黑色的红旗轿车在雨幕里,排气管突突冒着白烟,是大领导的车,意味着今晚轧钢厂这潭浑水已经被搅到了天花板。
萧凛收回目光,没往那热闹的会议室凑,反而转身拐进了走廊另一头的黑暗里。
档案室的锁对萧凛来说形同虚设,一根回形针在锁孔里轻轻一拨,“咔哒”一声,陈旧的弹簧就缴了械。
屋里弥漫着一股发霉纸张和樟脑丸混合的陈腐味,这种味道萧凛很熟悉,每一份尘封的罪恶都这味儿。

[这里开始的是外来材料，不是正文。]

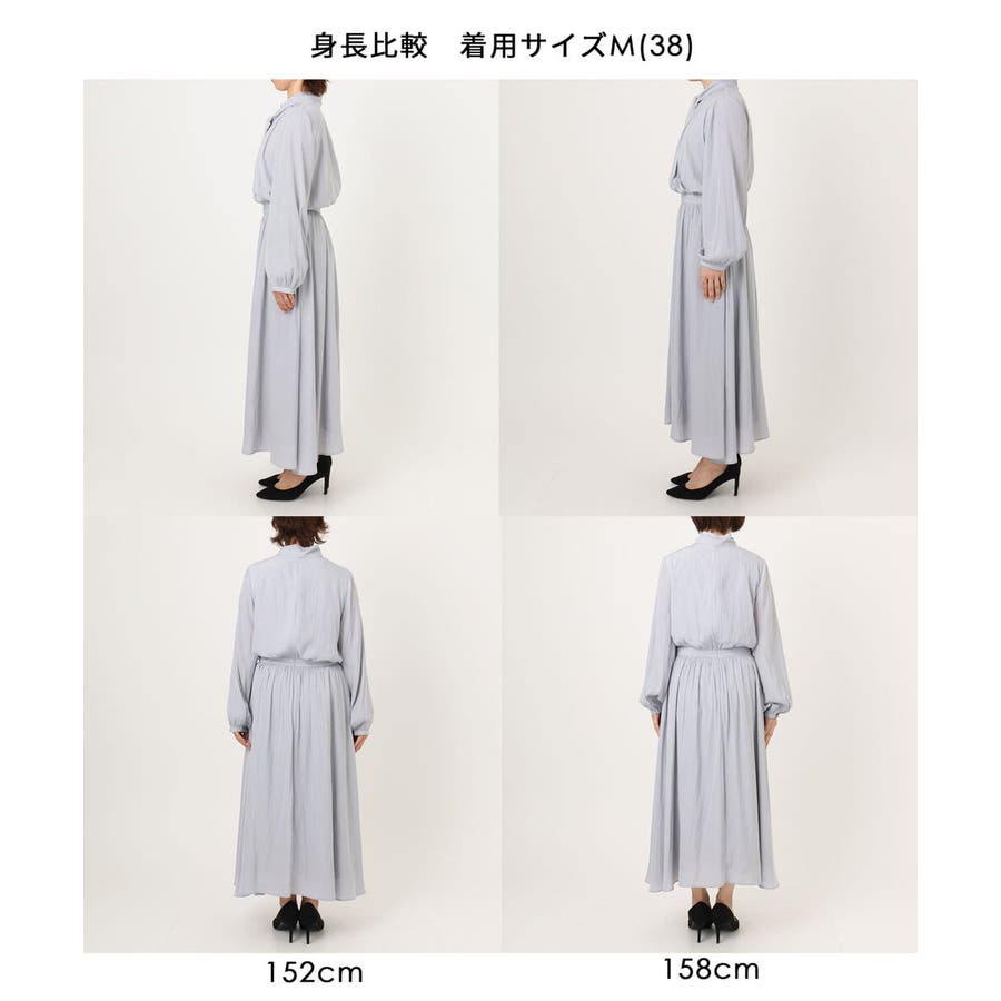 ボウタイデザインで一枚でも華やかに決まるワンピース。ボウタイは取り外し可能で、シンプルなバンドカラーワンピースとしても着こなせます。ウエスト部分はすっきりと、裾に向かってのフレアー分量は軽やかに広がるように仕上げました。
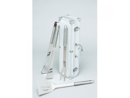 mallette barbecue 3 pièces inox mallette en inox avec ses ustensiles en inox également fourchette,palette et pince

他没有开灯,借着窗外划过的闪电,摸到了编号为“伪满-工勤”的档案柜。
那枚从许大茂身上掉出来的徽章,编号M-719,而许父当年在宪兵队的服役号是M-718。
这世上哪有那么巧的事,父子两代,号码连号?
这就不是什么纪念章,这是这帮人内部的“狼牌”。
萧凛闭上眼,意识沉入脑海深处。那是一个泛着幽蓝色冷光的界面。
【消耗5技能点,启动微表情回溯。
目标:柳素娥临死前的三秒记忆重构。】
脑海中瞬间炸开一片雪花点,紧接着画面清晰起来。
那是柳素娥放大的瞳孔视角,她看着当时还是“门卫大爷”的萧凛,眼神里没有对死亡的恐惧,反而是一种极其诡异的释然,甚至带着一丝嘲弄。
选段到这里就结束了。